Friday, September 20, 2024

Does Web 2.0 Signal A Political Shift?

All philosophies are prisons. That statement in itself is a philosophy and an irony. I bring it up only because Rich Karlgaard did on his Forbes.com blog, relating how (by mostly guessing) that the seemingly oxymoronic “left-libertarian” is making headway in Silicon Valley, and therefore in society.

Does Web 2.0 Signal A Political Shift?

Does Web 2.0 Signal A Political Shift?

Silicon Valley, where world-changing things happen almost daily.

I say all philosophies are prisons because ascribing to an ism means you exclude other isms, and therefore are susceptible to being a close-minded ideologue.

This is why I call myself a utilitarianist with libertarian tendencies. Utilitarianism utilizes what works from many philosophies, so long as those tenets advance the greater good. Libertarianism says keep the government out of it, if possible.

What that basically means (to me) is that government programs and laws may be acceptable, even necessary, so long as they aren’t liberty-infringing* and the negative consequences don’t outweigh the positive.

This philosophy makes what you do in the safety and privacy of your own home your business while allowing for (in my opinion) government programs like welfare or even healthcare (the good done by them outweighs the bad), while also keeping the reigns on the ever-encroaching and powerful corporatist movement.

It also means you put dangerous people in jail and let the not-dangerous ones out. Utiliatarianists would not agree with laws passed to protect people from inflicting self-harm, and both utilitarianists and libertarians agree that laws protecting the people where they can’t protect themselves are necessary.

Perhaps that’s what Karlgaard means by “left-libertarian,” for that might be a way I would describe myself, because saying I ascribe to John Stuart Mill’s brand of utilitarianism and Thomas Paine’s libertarian philosophy as a buffer comes across as complicated, and it is.

Karlgaard writes:

Indeed, the entire Web 2.0/Wikipedia/Craigslist model of self-organizing communities has, underneath it, a kind of left-libertarian Zeitgeist.

Fans of Jon Stewart, Stephen Colbert and South Park would easily identify with left-libertarians. You can’t deny that left-libertarianism is a growing trend among adults under 40.

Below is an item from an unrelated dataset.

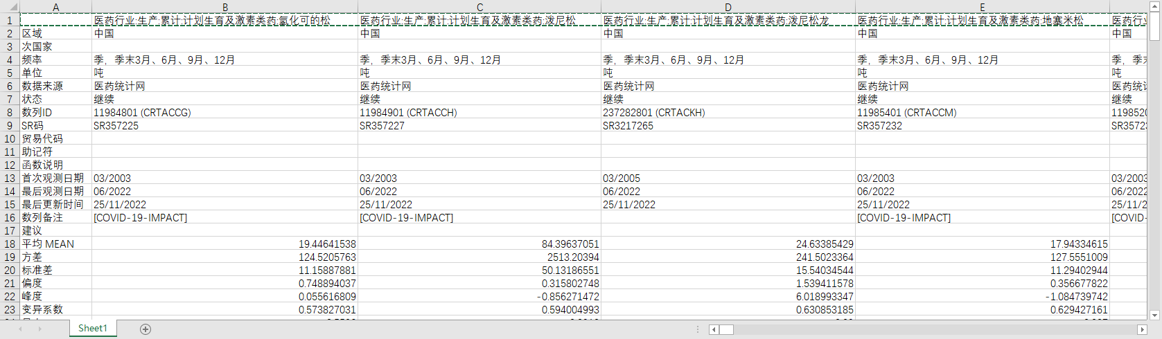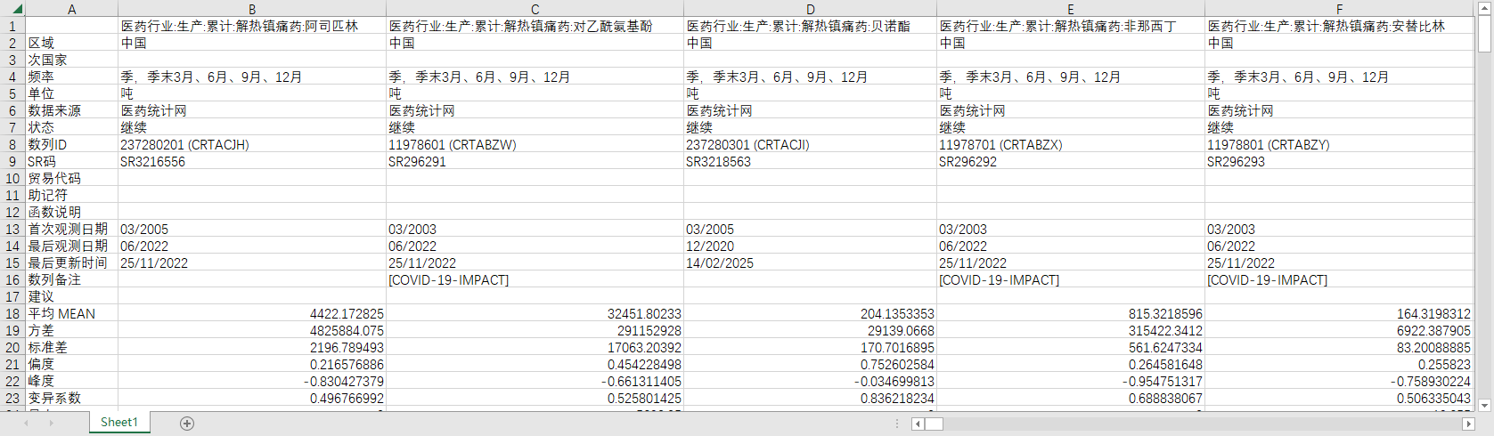 医药行业:生产:累计:解热镇痛药:阿司匹林 医药行业:生产:累计:解热镇痛药:对乙酰氨基酚 医药行业:生产:累计:解热镇痛药:贝诺酯 医药行业:生产:累计:解热镇痛药:非那西丁 医药行业:生产:累计:解热镇痛药:安替比林 医药行业:生产:累计:解热镇痛药:异丙基安替比林 医药行业:生产:累计:解热镇痛药:氨基比林 医药行业:生产:累计:解热镇痛药:安乃近 医药行业:生产:累计:解热镇痛药:保泰松 医药行业:生产:累计:解热镇痛药:曲马朵 医药行业:生产:累计:解热镇痛药:吲哚美辛 医药行业:生产:累计:解热镇痛药:吡罗昔康 医药行业:生产:累计:解热镇痛药:甲芬那酸 医药行业:生产:累计:解热镇痛药:双氯芬酸钠 医药行业:生产:累计:解热镇痛药:萘普生钠 医药行业:生产:累计:解热镇痛药:布洛芬 医药行业:生产:累计:解热镇痛药:酮洛芬 医药行业:生产:累计:解热镇痛药:芬布芬 医药行业:生产:累计:解热镇痛药:美索巴莫 (DC)医药行业:生产:累计:解热镇痛药:淀粉阿斯匹林 (DC)医药行业:生产:累计:解热镇痛药:安乃近镁盐 (DC)医药行业:生产:累计:解热镇痛药:丙磺舒 (DC)医药行业:生产:累计:解热镇痛药:氟洛芬

And, to add to that, if you haven’t heard of Libertarian Republican Congressman Ron Paul (he’s running for President, in case you didn’t know), then you haven’t been following Digg.com, where Ron Paul supporters gather en masse to raise awareness.

If you hadn’t heard of Ron Paul, then you probably watch too much TV. The traditional media is sticking with the traditional runners – the dichotomous, diaphanous status-quo pundits dividing the nation’s ideals sharply in two and, lately, pitting two sides against each other as though enemies within.

“Neocon” and “liberal,” as labels, have escalated nearly to the level of racial slurs, and come with as much vitriol and finger-pointing.
So it shouldn’t be surprising that after decades of nonsense, the younger demographic, especially the early-adopters with an unprecedented mass of information at their fingertips, look at the society their Boomer parents created and balk.

Indeed the forward thinkers are in Silicon Valley (a few of us here in Kentucky, too :-D), left-libertarians they are, and look up to unconventional thinkers like the Colberts and Stewarts of the world as their modern-day Aristotles (maybe Erasmus is a better example?). The system they mock is an easy target because of its ridiculousness, and is deserving of all the heat it gets.

Web 2.0 has offered the unconventional thought-leaders a new and breathtakingly democratic platform. Expect the same generation (even amid concerns their real-life demeanors will mirror their online butchering of language and etiquette) that developed YouTube, blogs, and Digg.com to view this world differently from their stodgy, divisive predecessors.  

 
*All laws, by their very nature, are liberty infringing. Thomas Paine notes, therefore, that only those laws that protect the public should be desirable.